Tuesday, July 28, 2015

Cultural Influence of a Committed Minority

According to many mainstream news commentators, a majority of Americans are in agreement with the recent Supreme Court decision to legalize same-sex marriage.  The supposed minority who disagree are challenged to exercise tolerance and get on board with the changing mores of our culture.  But, not so fast!  Consider two indicators that Americans who oppose the latest high court decision are not in the minority.
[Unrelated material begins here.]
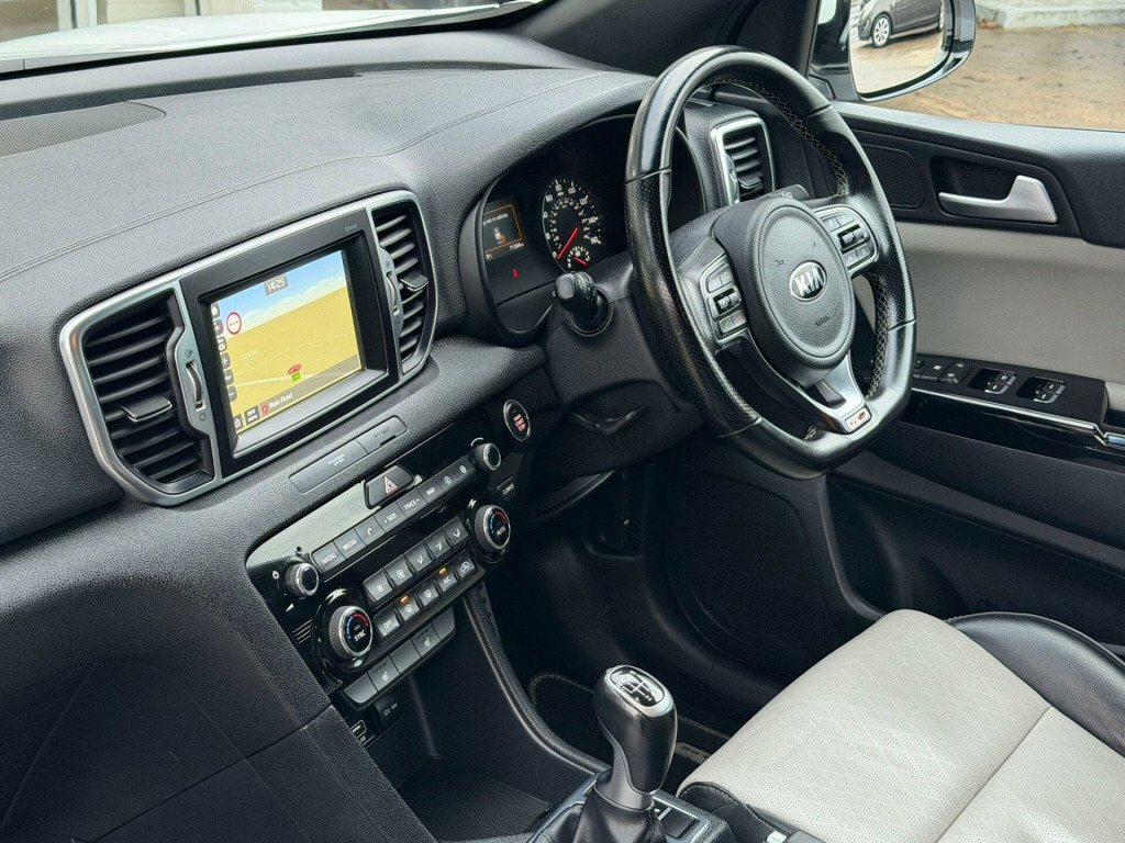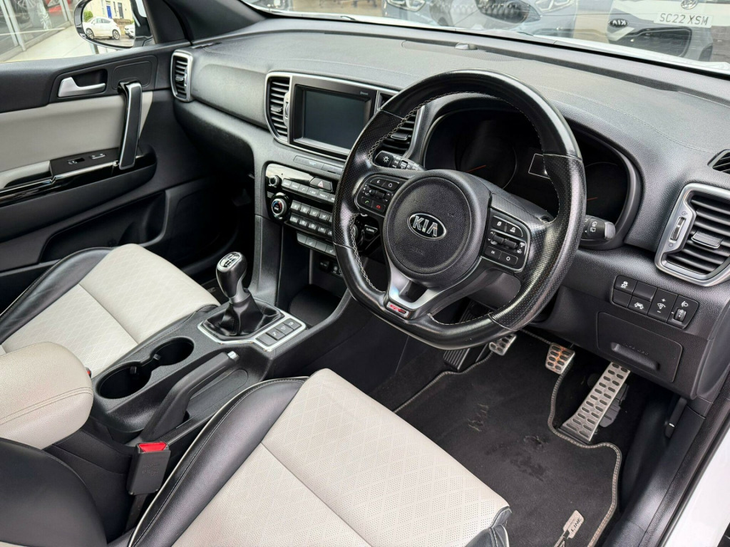 This 2018 Kia Sportage CRDi GT-Line offers excellent peace of mind with a clear vehicle history check. This stylish SUV is equipped with a 1.7L Euro 6 diesel engine, ensuring efficient performance. Inside, you'll find a host of desirable features including heated front and outer rear seats for ultimate comfort, and dual automatic air conditioning to maintain the perfect cabin temperature. Navigating tight spots is made easy with a reversing camera system integrated into the satellite navigation screen, complemented by rear parking sensors. Stay connected on the go with Bluetooth featuring voice recognition and music streaming.The Kia Sportage CRDi GT-Line stands out with its impressive fuel economy, achieving up to 61 mpg, which is significantly better than many other vehicles in its class. Its low CO2 emissions also contribute to a more environmentally conscious drive. Furthermore, this model benefits from a low insurance group, making it an economical choice for many drivers. Practicality is also a strong point, with generous boot space perfect for shopping trips or family holidays.. 12V Power Sockets - Front and Rear Consoles, 19in Alloy Wheels B-Type, 3 x Passenger Assist Grips, 4.2in Supervision Cluster with LCD TFT Colour Display, 6-Speaker System, 60-40 Split Folding 2nd Row Seats, 7in Touchscreen Satellite Navigation with European Mapping with Traffic Message Channel - TMC, Advanced Anti-Theft System including Immobiliser and Alarm, All-Round 3-Point Seatbelts, All-Round Electric Windows with Drivers Auto Up-Down Function, All-Round Height Adjustable Headrests, Anti-Lock Braking System - ABS with Electronic Brakeforce Distribution - EBD, Apple CarPlay and Android Auto, Auto Dimming Rear-View Mirror, Automatic Headlight Control, Automatic Windscreen De-Fog, Black Side Sill and Wheel Arch Body Mouldings with Satin Chrome Insert, Bluetooth with Voice Recognition and Music Streaming, Body Coloured Door Mirrors, Body Coloured Exterior Door Handles with Satin Chrome Insert, Centre Cabin Light, Centre Console Storage Box, Centre Fascia - Black High Gloss, Child Safety Rear Door Locks, Chrome Boot Sill Guard, Coat Hooks - Rear, Cruise Control with Speed Limiter, Cupholders in Rear Armrest, DAB Radio with MP3 Compatibility, Digital Clock, Door Deadlocks, Driver and Passenger Sunvisors with Vanity Mirror and Illumination, Drivers Seat Height Adjuster, Drivers Seat Power Lumbar Support, Drivers Wide View Door Mirror, Dual Automatic Air Conditioning, Electrically Folding-Adjustable and Heated Door Mirrors with LED Indicators, Electronic Stability Control - ESC - with Downhill Brake Control - DBC, Emergency Stop Signalling - ESS, Engine Start-Stop Button with Smart Entry System, Exhaust - Single, Front Cabin Map Light, Front Door Courtesy Reflectors, Front Grille - Satin Chrome Surround, Front Parking Sensors, Front Passenger Airbag Cut Off Switch, Front Seatback Pockets, Front Seatbelt Height Adjusters, Front and Rear Centre Armrests, Front and Rear Door Storage, Gear Shift Indicator, Glovebox with Illumination, Head Rests - Front Active, Headlights - High Beam Assist - HBA, Headlining - Black, Heated Front and Outer Rear Seats, Hill-Start Assist Control - HAC, ISOFIX Child Seat Top Tethers and Anchor Fixings, Impact Sensing Auto Door Unlocking, Interior Door Lock-Unlock Function, Kia Connected Services Featuring TomTom - Traffic - Speed Cameras - Local Search and Weather Updates, LED Daytime Running Lights, LED Ice-Cube Front Fog Lights, LED Rear Tail Lights, Lane Keep Assist System - LKAS, Leather Trimmed Door Armrests, Leather Trimmed Gear Shift, Locking Wheel Nuts, Luggage Area Light, Luggage Area Load Cover, Luggage Net Hooks, Manual Headlight Levelling Device, Privacy Glass - Rear Windows and Tailgate, Rack Mounted Motor Driven Power Steering - R-MDPS, Radiator Grille - Gloss Black Blade Mesh, Rain Sensing Front Wipers, Rear Parking Sensors, Rear Spoiler, Rear Ventilation Duct, Reversing Camera System - Integrated into Satellite Navigation Screen, Roof Rails, Satin Chrome Beltline Mouldings, Satin Chrome Interior Door Handles, Shark Fin Antenna, Silver Painted Front and Rear Skid Plates, Silver Stitching - Front Centre Armrest and Upholstery, Speed Limit Information Function - SLIF, Speed Sensing Auto Door Locking - Dealer-Activated Feature, Stainless Steel Door Scuff Plates, Stainless Steel Pedals, Steering Wheel - D-Shaped Sports Leather with Perforated Inserts and GT-Line Logo, Steering Wheel Mounted Audio Controls, TSA - Trailer Stability Assist, Tailgate - Satin Chrome Insert, Temporary Spare Wheel, Tilt and Telescopic Steering Wheel Adjustment, Tinted Glass, Trip Computer - Distance - Fuel Consumption - Average Speed, Twin Curtain Airbags with Roll-Over Sensor, Twin Front Airbags, Twin Side Airbags - Front, Tyre Pressure Monitoring System - TPMS, USB and AUX Ports for Connection of an Audio Media Device - iPod - Memory Stick, Visible Vehicle Identification Number - VIN, Welcome and Follow-Me-Home Light Functionality.

First, recall that the Supreme Court legalized same-sex marriage by a narrow 5-4 decision.  Amazingly, this decision means that 1 vote overturned same-sex bans in 31 states and altered the millennia-long definition of marriage.  The same five justices had already struck down the 1996 Defense of Marriage Act signed into law by President Bill Clinton.  That instance of “legislating from the bench” meant that a 1-vote margin brought an end to a law that had been ratified by huge majorities in both the U.S. House (342-67) and U.S. Senate (85-14).  The highest court in the land had sided with the liberal minority of Americans against the will of a large majority of Americans and their elected officials. 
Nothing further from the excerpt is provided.